End of Volume One.


Volume Two—Chapter One.

To Bultitude’s and Back.

Matters did not improve at Dumford as the days went on, and Murray Selwood found that he could not have arrived at a worse time, so far as his own comfort was concerned, though he was bound to own that the occasion was opportune for his parish, inasmuch as he was able to be of no little service to many of the people who, in a surly kind of way, acknowledged his help, and took it in a condescending manner, while, with a smile, he could not help realising the fact that the sturdy independent folks looked down upon him as a kind of paid official whom they were obliged to suffer in their midst.

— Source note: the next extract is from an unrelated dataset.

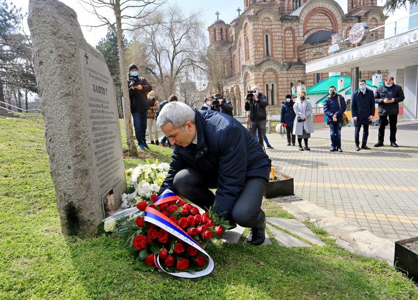 - Kod spomenika "Zašto" okupljamo se više puta tokom godine i sećamo se 16 radnika RTS-a koji su stradali tokom NATO bombardovanja. Ovo bombardovanje je u novijoj istoriji Evrope i sveta pokazalo da je sve moguće. Moguće je bombardovati jednu suverenu demokratsku zemlju u Evropi, moguće je to uraditi bez odluke Saveta bezbednosti. Bilo je moguće da se 19 zemalja članica NATO pakta u 78 dana neprekidnim bombardovanjem obruši na Saveznu Republiku Jugoslaviju, a sve u cilju da se otme sastavni deo naše zemlje, Kosovo i Metohija – rekao je Mladenović.
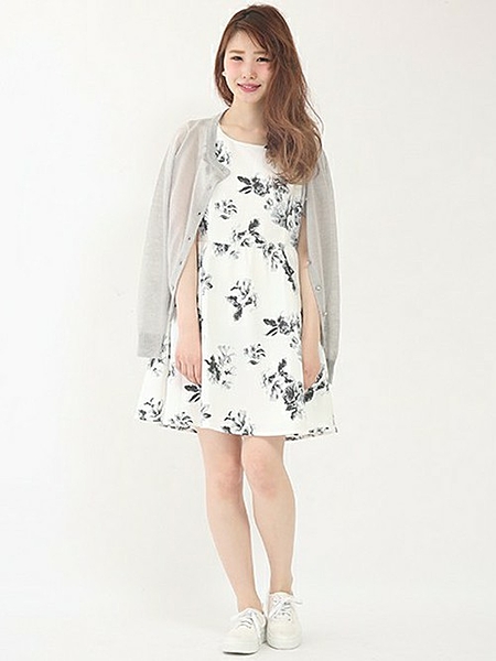 花柄とロングカーデを合わせると甘すぎず大人な雰囲気を出してくれます。

He had secured a servant with great difficulty, for the girls of the place, as a rule, objected to domestic service, preferring the freedom and independence of working for the line-growing farmers of the neighbourhood, and spending the money earned with the big draper of the place. Not our independent friends, but Barmby the parish churchwarden, who coolly told the vicar that he could produce more effect upon the female population with a consignment of new hats or bonnets from town, than a parson could with a month’s preaching; and it must be conceded to Mr Barmby that his influence was far more visible than that of his clerical superior.

All efforts to patch up a peace between the locked-out men and their employer were without avail, even though the vicar had seen both parties again and again.

“Let them pay for my machine-bands,” said Richard Glaire—“Two hundred pounds, and come humbly and confess their faults, and I’ll then take their application into consideration.”

“But don’t you think you had better make a greater concession?” said the vicar. “You are punishing innocent and guilty alike.”